** Available data follows **

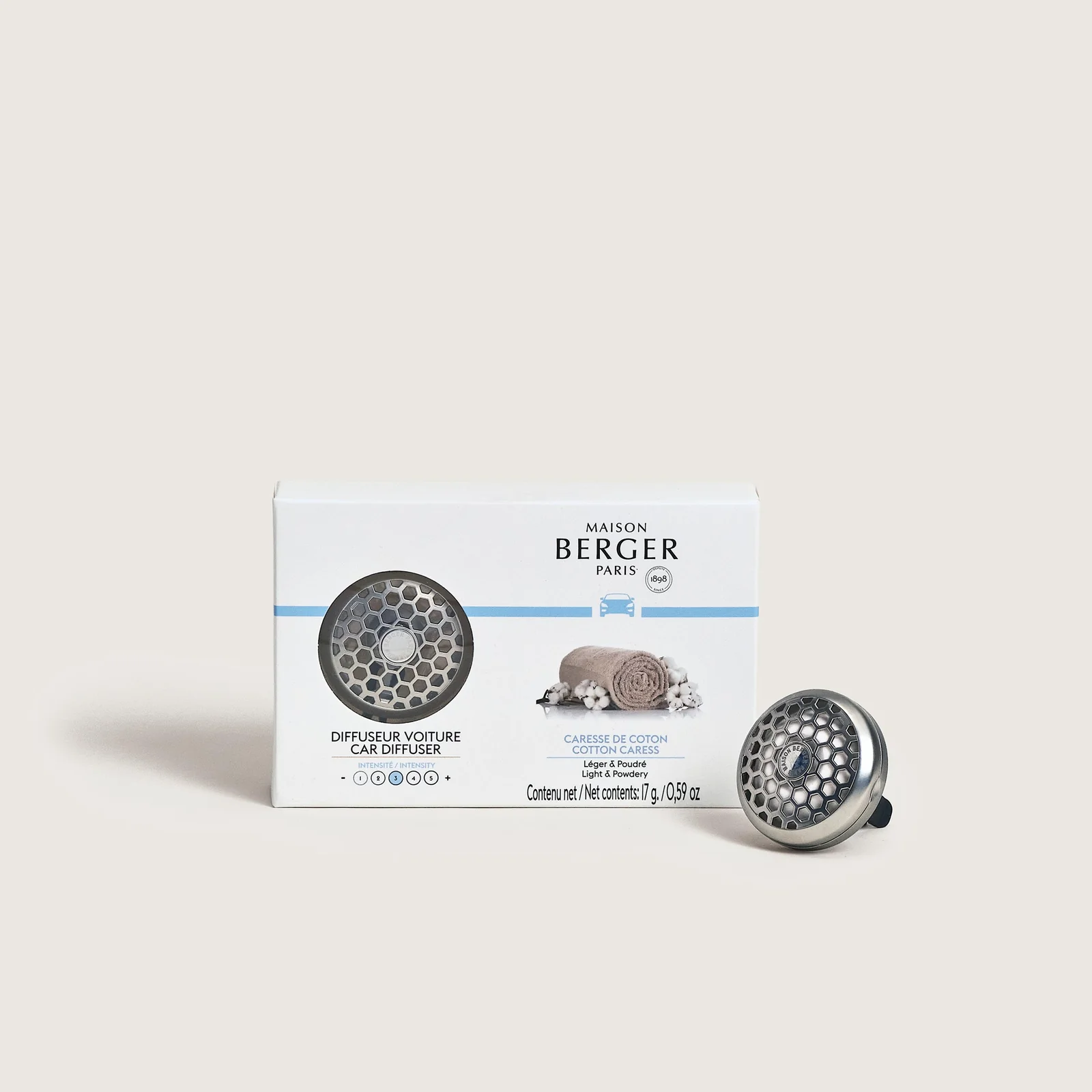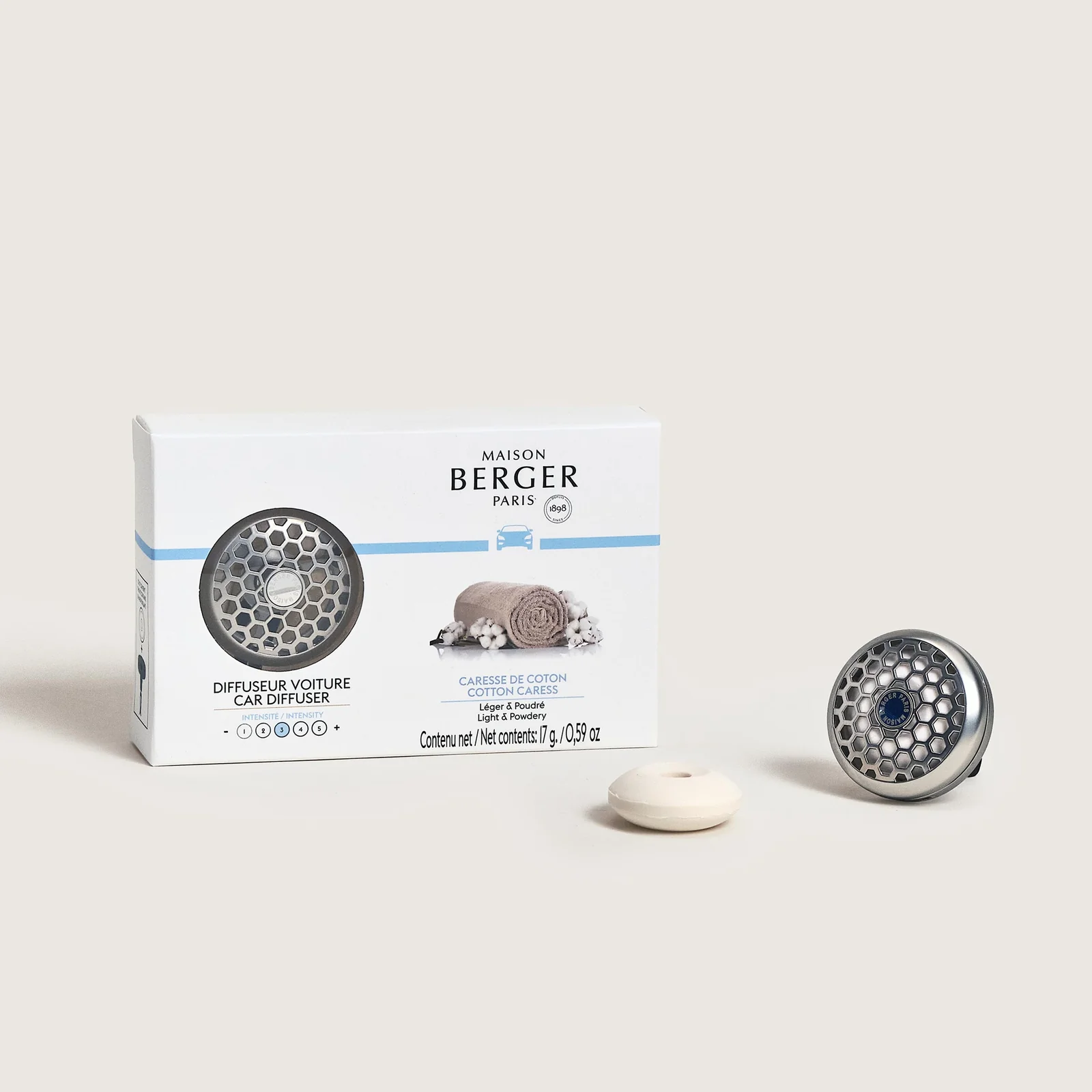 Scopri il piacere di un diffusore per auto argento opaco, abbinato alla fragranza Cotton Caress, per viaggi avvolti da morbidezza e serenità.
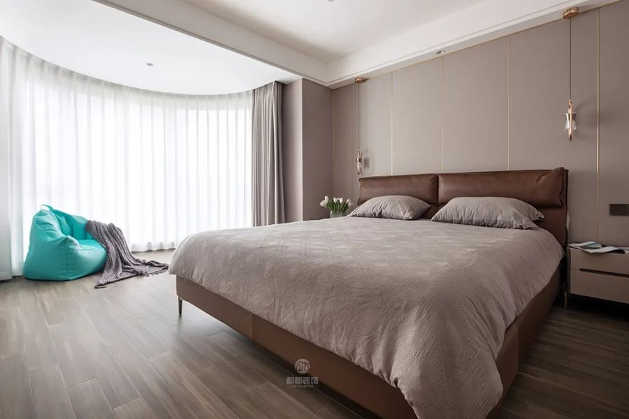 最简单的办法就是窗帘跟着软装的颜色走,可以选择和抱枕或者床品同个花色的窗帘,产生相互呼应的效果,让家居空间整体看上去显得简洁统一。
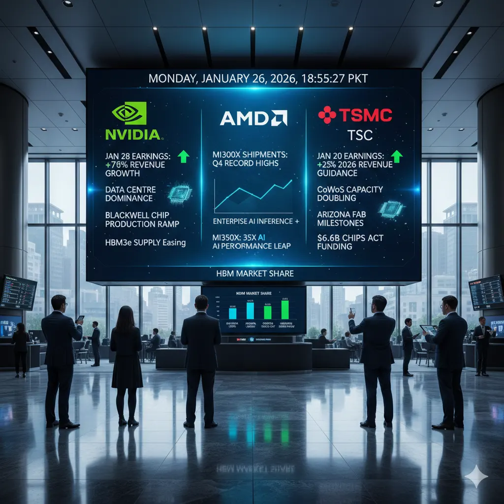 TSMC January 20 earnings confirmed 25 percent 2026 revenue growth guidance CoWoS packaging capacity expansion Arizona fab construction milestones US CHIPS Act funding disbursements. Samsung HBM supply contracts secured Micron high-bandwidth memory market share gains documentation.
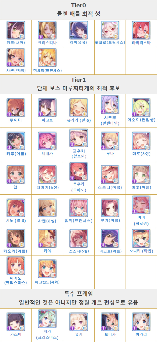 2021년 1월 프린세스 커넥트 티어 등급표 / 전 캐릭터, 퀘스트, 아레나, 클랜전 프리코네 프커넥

** End of Available data **

# [What you are asked to do]
A faithful copy is needed: reproduce all of the data above, leaving the pictures out.

# [Result]
 Scopri il piacere di un diffusore per auto argento opaco, abbinato alla fragranza Cotton Caress, per viaggi avvolti da morbidezza e serenità.
 最简单的办法就是窗帘跟着软装的颜色走,可以选择和抱枕或者床品同个花色的窗帘,产生相互呼应的效果,让家居空间整体看上去显得简洁统一。
 TSMC January 20 earnings confirmed 25 percent 2026 revenue growth guidance CoWoS packaging capacity expansion Arizona fab construction milestones US CHIPS Act funding disbursements. Samsung HBM supply contracts secured Micron high-bandwidth memory market share gains documentation.
 2021년 1월 프린세스 커넥트 티어 등급표 / 전 캐릭터, 퀘스트, 아레나, 클랜전 프리코네 프커넥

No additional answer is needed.